***** PROVIDED DATA

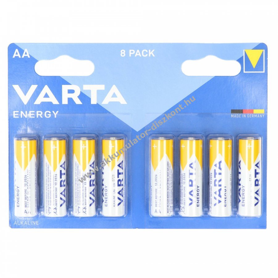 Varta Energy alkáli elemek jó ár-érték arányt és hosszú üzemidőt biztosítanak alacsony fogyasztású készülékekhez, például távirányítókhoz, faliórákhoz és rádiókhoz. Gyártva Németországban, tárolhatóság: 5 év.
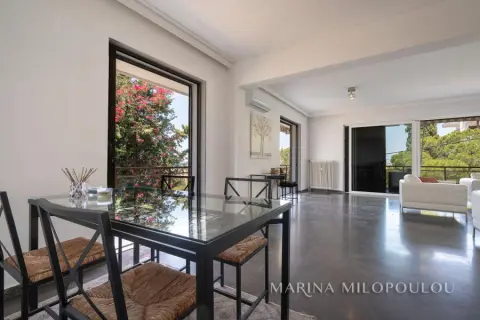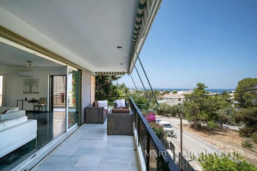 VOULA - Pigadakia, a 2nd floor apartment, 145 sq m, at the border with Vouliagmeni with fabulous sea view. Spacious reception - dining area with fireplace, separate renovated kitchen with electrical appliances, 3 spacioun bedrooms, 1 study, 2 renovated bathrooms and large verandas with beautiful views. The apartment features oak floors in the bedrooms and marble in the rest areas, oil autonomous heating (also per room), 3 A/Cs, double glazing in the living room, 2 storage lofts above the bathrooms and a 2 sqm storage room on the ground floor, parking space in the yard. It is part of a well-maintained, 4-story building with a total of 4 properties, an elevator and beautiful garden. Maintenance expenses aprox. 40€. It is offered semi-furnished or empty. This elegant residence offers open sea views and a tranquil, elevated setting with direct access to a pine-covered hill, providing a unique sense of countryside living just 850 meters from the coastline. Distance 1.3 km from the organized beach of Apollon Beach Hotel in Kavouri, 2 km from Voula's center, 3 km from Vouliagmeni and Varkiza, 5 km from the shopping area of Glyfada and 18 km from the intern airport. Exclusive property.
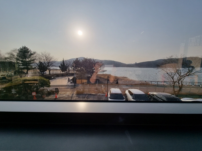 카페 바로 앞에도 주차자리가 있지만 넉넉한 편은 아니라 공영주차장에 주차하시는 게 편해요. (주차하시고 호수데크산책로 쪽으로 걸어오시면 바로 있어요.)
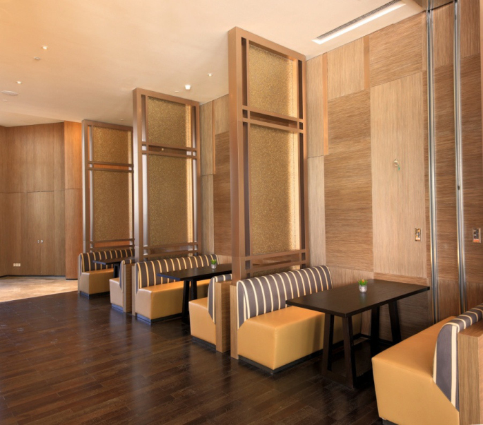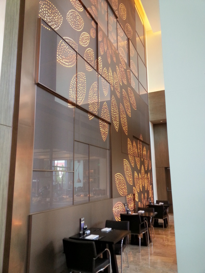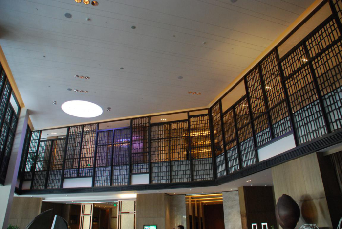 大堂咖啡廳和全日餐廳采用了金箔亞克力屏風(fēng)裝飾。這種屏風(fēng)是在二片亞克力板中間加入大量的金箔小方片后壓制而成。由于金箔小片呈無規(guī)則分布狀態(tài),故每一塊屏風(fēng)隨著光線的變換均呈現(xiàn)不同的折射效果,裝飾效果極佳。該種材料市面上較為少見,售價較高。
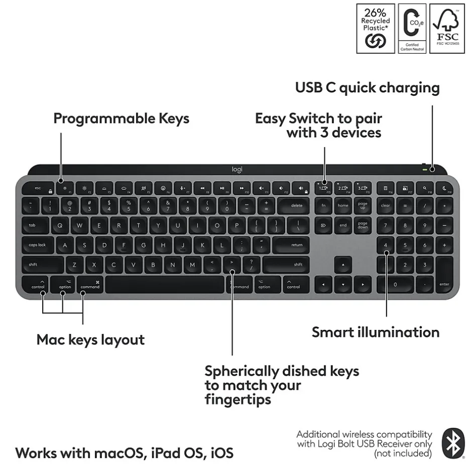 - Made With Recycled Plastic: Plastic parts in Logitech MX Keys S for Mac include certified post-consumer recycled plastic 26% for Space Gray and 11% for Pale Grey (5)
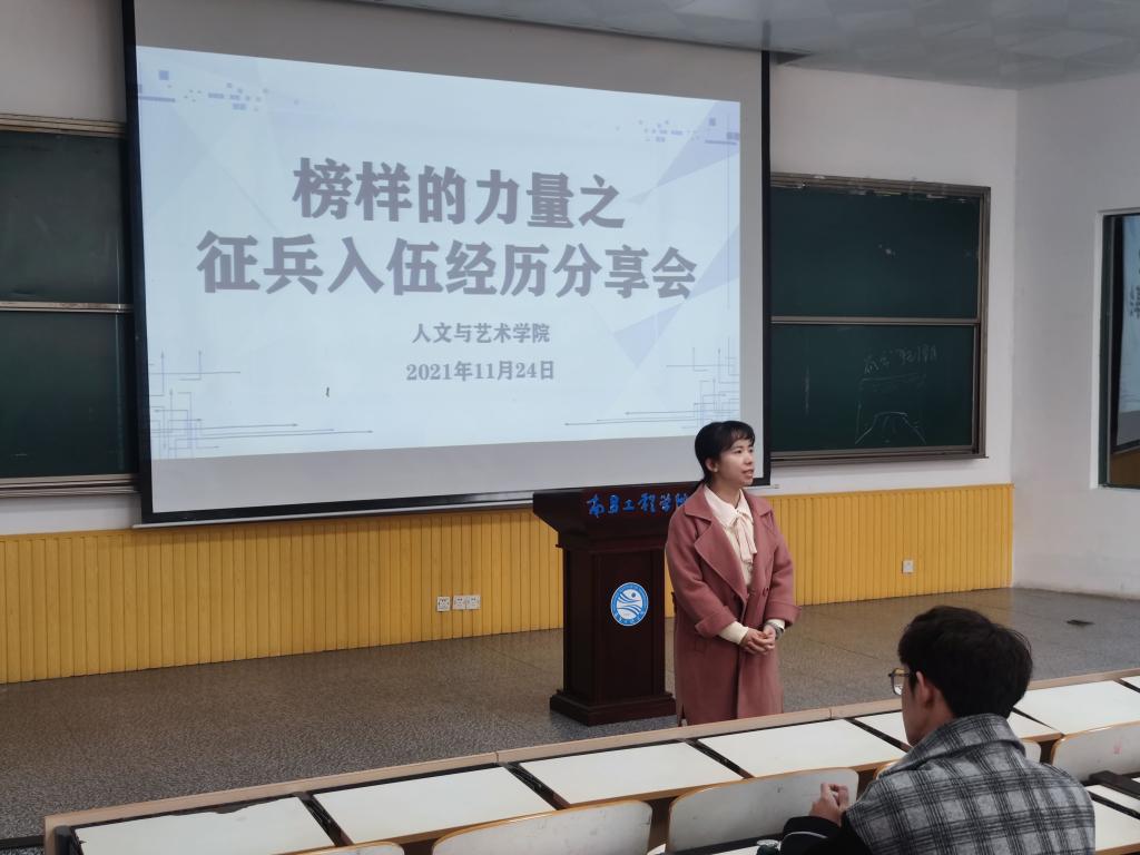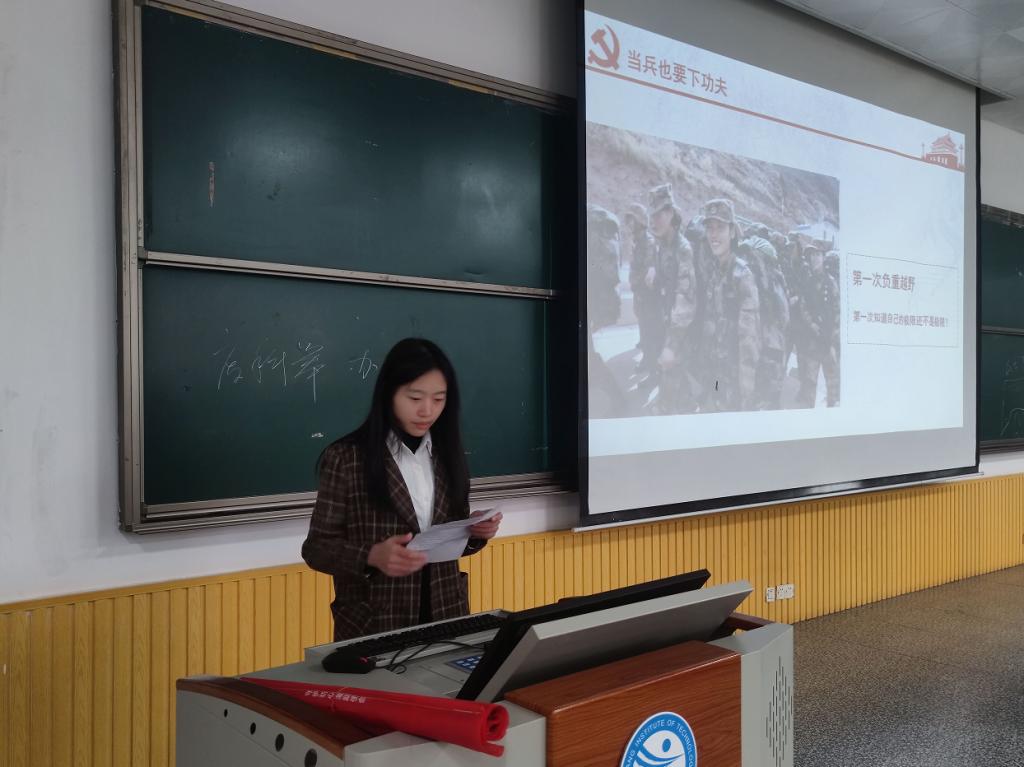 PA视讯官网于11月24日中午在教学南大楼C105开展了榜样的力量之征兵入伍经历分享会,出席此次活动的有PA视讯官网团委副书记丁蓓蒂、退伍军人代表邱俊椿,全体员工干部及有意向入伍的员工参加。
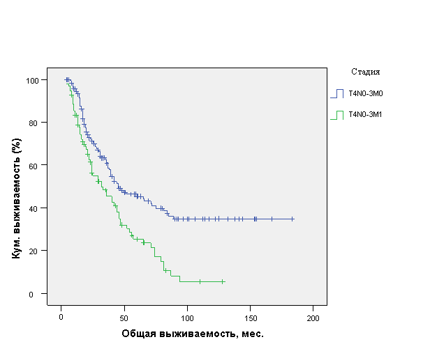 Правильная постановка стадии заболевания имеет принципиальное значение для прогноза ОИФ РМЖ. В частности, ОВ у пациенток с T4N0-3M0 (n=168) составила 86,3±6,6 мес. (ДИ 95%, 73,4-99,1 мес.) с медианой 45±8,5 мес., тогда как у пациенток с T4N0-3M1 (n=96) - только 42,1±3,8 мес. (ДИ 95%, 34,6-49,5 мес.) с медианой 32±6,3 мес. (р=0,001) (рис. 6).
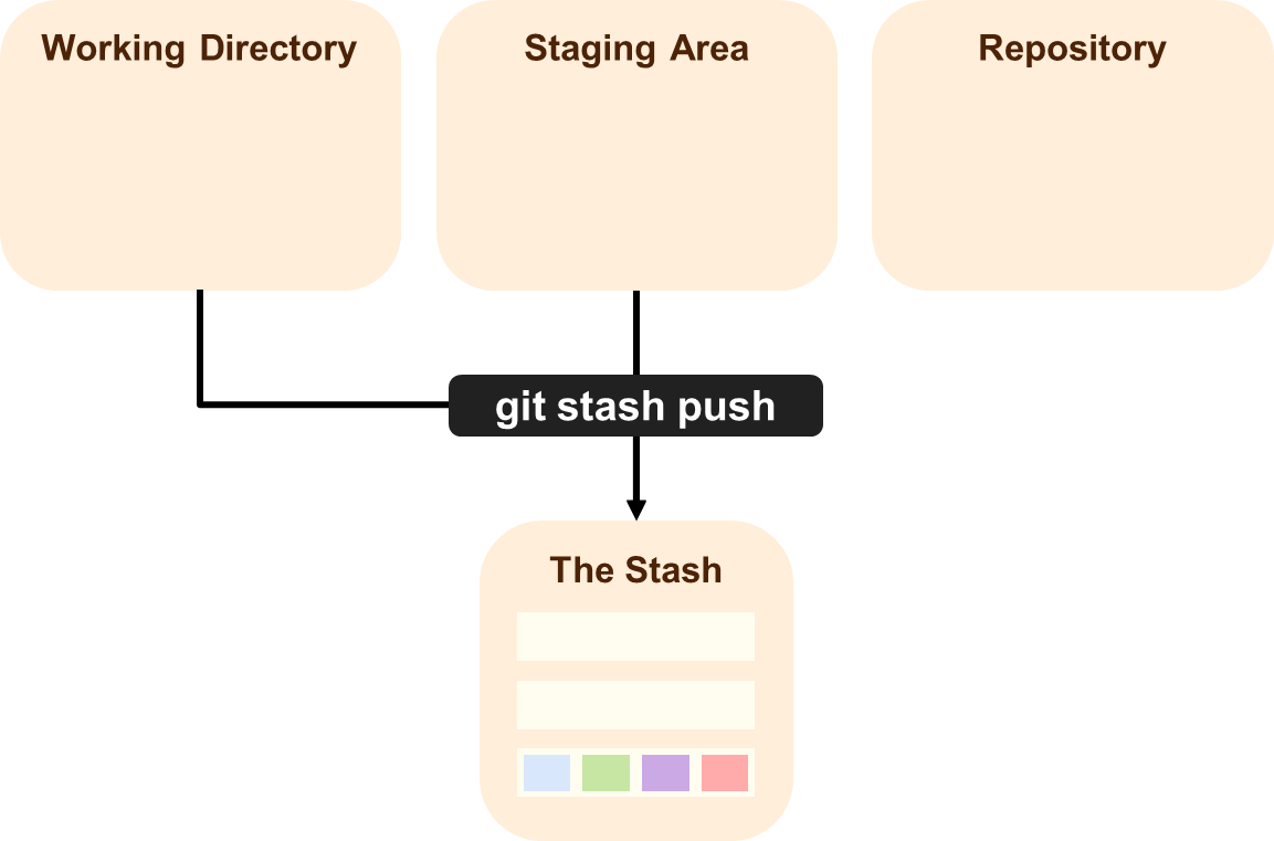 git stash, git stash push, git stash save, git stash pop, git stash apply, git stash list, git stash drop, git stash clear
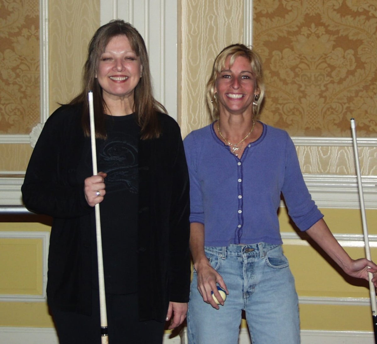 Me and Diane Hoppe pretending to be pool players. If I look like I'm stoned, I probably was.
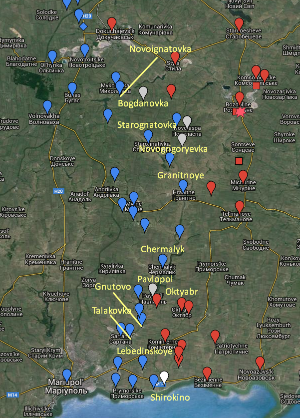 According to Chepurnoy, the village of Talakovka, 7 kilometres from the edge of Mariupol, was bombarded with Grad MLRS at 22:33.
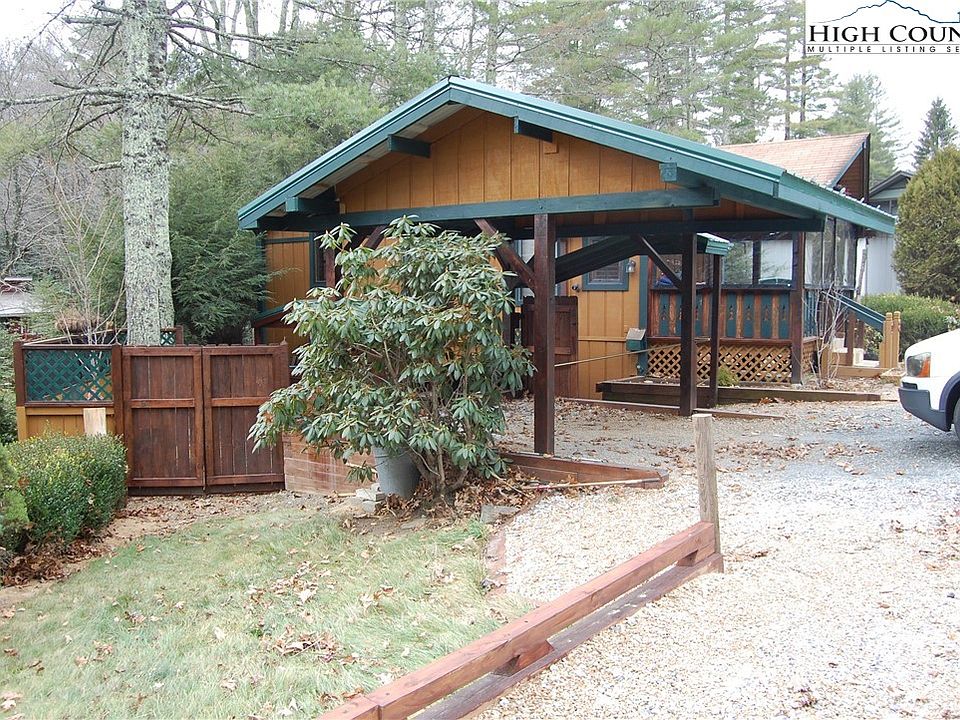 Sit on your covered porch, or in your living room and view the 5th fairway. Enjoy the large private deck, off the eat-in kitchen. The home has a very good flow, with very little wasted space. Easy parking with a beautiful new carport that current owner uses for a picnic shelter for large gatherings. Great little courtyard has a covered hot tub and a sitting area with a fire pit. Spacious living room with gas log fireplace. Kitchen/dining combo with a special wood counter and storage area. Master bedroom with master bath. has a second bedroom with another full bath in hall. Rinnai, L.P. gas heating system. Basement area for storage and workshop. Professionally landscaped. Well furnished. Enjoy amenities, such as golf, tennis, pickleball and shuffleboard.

**********

▶ _TASK TO CARRY OUT_
Beginning with the line that holds "大堂咖啡廳和全日餐廳采用了金", extract every line to the end of the material, exactly as it stands, and drop the pictures.

▶ _REPLY_
 大堂咖啡廳和全日餐廳采用了金箔亞克力屏風(fēng)裝飾。這種屏風(fēng)是在二片亞克力板中間加入大量的金箔小方片后壓制而成。由于金箔小片呈無規(guī)則分布狀態(tài),故每一塊屏風(fēng)隨著光線的變換均呈現(xiàn)不同的折射效果,裝飾效果極佳。該種材料市面上較為少見,售價較高。
 - Made With Recycled Plastic: Plastic parts in Logitech MX Keys S for Mac include certified post-consumer recycled plastic 26% for Space Gray and 11% for Pale Grey (5)
 PA视讯官网于11月24日中午在教学南大楼C105开展了榜样的力量之征兵入伍经历分享会,出席此次活动的有PA视讯官网团委副书记丁蓓蒂、退伍军人代表邱俊椿,全体员工干部及有意向入伍的员工参加。
 Правильная постановка стадии заболевания имеет принципиальное значение для прогноза ОИФ РМЖ. В частности, ОВ у пациенток с T4N0-3M0 (n=168) составила 86,3±6,6 мес. (ДИ 95%, 73,4-99,1 мес.) с медианой 45±8,5 мес., тогда как у пациенток с T4N0-3M1 (n=96) - только 42,1±3,8 мес. (ДИ 95%, 34,6-49,5 мес.) с медианой 32±6,3 мес. (р=0,001) (рис. 6).
 git stash, git stash push, git stash save, git stash pop, git stash apply, git stash list, git stash drop, git stash clear
 Me and Diane Hoppe pretending to be pool players. If I look like I'm stoned, I probably was.
 According to Chepurnoy, the village of Talakovka, 7 kilometres from the edge of Mariupol, was bombarded with Grad MLRS at 22:33.
 Sit on your covered porch, or in your living room and view the 5th fairway. Enjoy the large private deck, off the eat-in kitchen. The home has a very good flow, with very little wasted space. Easy parking with a beautiful new carport that current owner uses for a picnic shelter for large gatherings. Great little courtyard has a covered hot tub and a sitting area with a fire pit. Spacious living room with gas log fireplace. Kitchen/dining combo with a special wood counter and storage area. Master bedroom with master bath. has a second bedroom with another full bath in hall. Rinnai, L.P. gas heating system. Basement area for storage and workshop. Professionally landscaped. Well furnished. Enjoy amenities, such as golf, tennis, pickleball and shuffleboard.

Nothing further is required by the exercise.